Five focus trends for procurement for the next five years
Procurement glitches stalling your business?
From COVID disruption to the impact of the war in the Ukraine, procurement managers everywhere are facing significant challenges. Here are five key trends already impacting procurement, and likely to persist - even intensify - over the coming five years.
Over two years into the COVID-19 pandemic, economies are still suffering its effects. As McKinsey has stressed, “a particular vulnerability the pandemic’s global nature exposed is in supply chains,” while supply chain consultant GEP estimated the pandemic’s cost in supply chain disruption for 2020 alone at $4 trillion. Don’t think that it’s over, though. China has just begun shutting down its commercial capital, Shanghai, after struggling to make a zero-COVID policy a reality: Shanghai’s port handles 140,000 cargo containers per day. Worse, other pandemics may follow. With climate change already disrupting ecosystems and introducing pests and diseases into new zones, expectations are that such pandemics may become recurrent challenges.
War and more war
Russia’s invasion of the Ukraine has already disrupted supply chains in areas from petrochemicals to beer. The West’s determination to rein in Russia through sanctions is globalizing the impact in areas remote from the conflict. International Affairs Think Tank, Chatham House, has warned of “cascading risks globally,” heightening the danger of other eruptions along geopolitical fault lines such as China-Taiwan or the various Middle East divides. Tensions such as the US-China faceoff formed a background to trade economics over the past few years; with these tensions now in the open, many predict that things look likely to get worse.
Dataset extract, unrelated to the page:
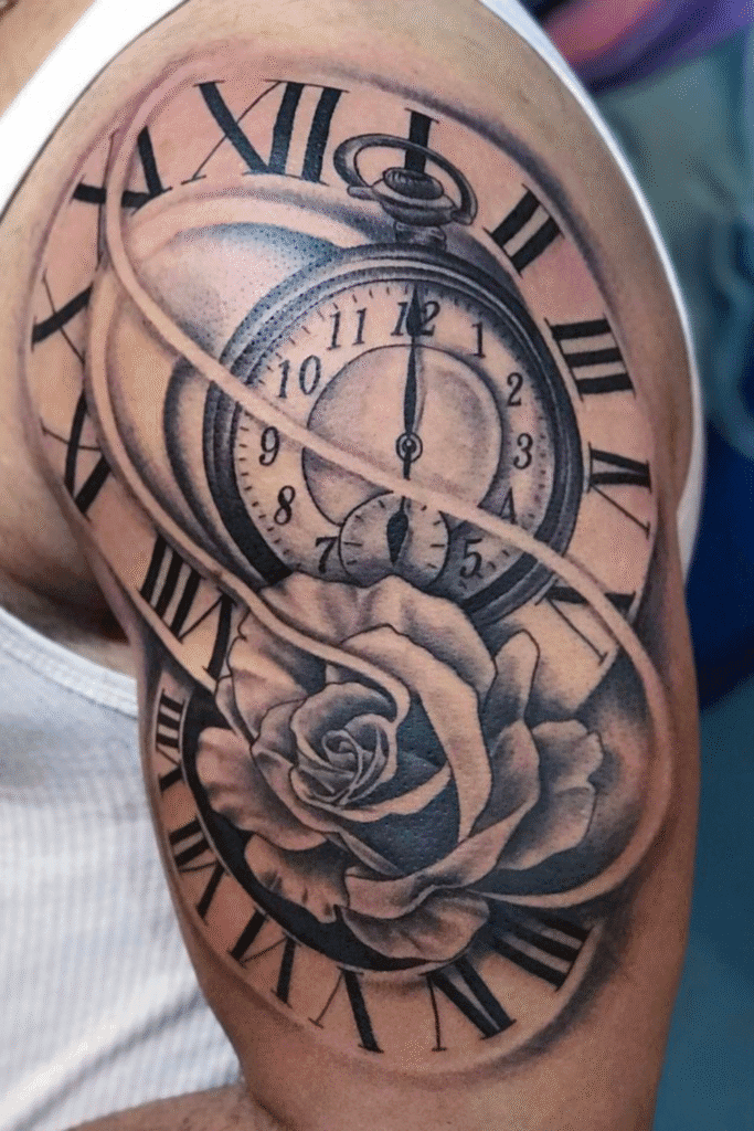 When time meets beauty, you get the clock-and-rose combo — one of the most popular and meaningful tattoo pairings. It represents love, loss, and the fleeting nature of life. The rose softens the hard lines of the clock, creating perfect balance. This design fits beautifully on the forearm, flowing naturally from wrist to elbow. The shading and details give it a cinematic look. Every glance reminds you that time is precious, and beauty can exist even in impermanence.

Regulation and sustainability
The European Commission’s February 2022 Proposal for a Directive on Corporate Sustainability Due Diligence typifies how environmental issues and greater regulation are having a combined impact on procurement. The EC emphasizes that its Proposal is designed to impact “across supply chains,” and in companies’ “subsidiaries and value chains.” Whatever the final regulation, it will only join other regulatory and compliance obligations already in effect. Procurement operations have to take these into account, whether by providing the data needed to show compliance, or structuring procurement policy to avoid hot-button areas.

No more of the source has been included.